> _EXERCISE DESCRIPTION_:
Only the stretch of the listing below that runs from the line with "George VI, Nickel-Brass, 1" through the line with "Cómoda de tres" is to be printed, exactly and with both ends.

-- DATA FOR THIS EXERCISE follows --

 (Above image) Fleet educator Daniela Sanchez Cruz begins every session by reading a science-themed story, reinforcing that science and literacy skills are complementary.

-- DATA FOR THIS EXERCISE concluded --
-- DATA FOR THIS EXERCISE follows --

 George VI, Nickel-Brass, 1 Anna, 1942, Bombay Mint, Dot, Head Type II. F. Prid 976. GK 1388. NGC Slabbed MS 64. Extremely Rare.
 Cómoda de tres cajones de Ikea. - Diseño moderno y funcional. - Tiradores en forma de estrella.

-- DATA FOR THIS EXERCISE concluded --

> _ANSWER TO THIS TASK_:
 George VI, Nickel-Brass, 1 Anna, 1942, Bombay Mint, Dot, Head Type II. F. Prid 976. GK 1388. NGC Slabbed MS 64. Extremely Rare.
 Cómoda de tres cajones de Ikea. - Diseño moderno y funcional. - Tiradores en forma de estrella.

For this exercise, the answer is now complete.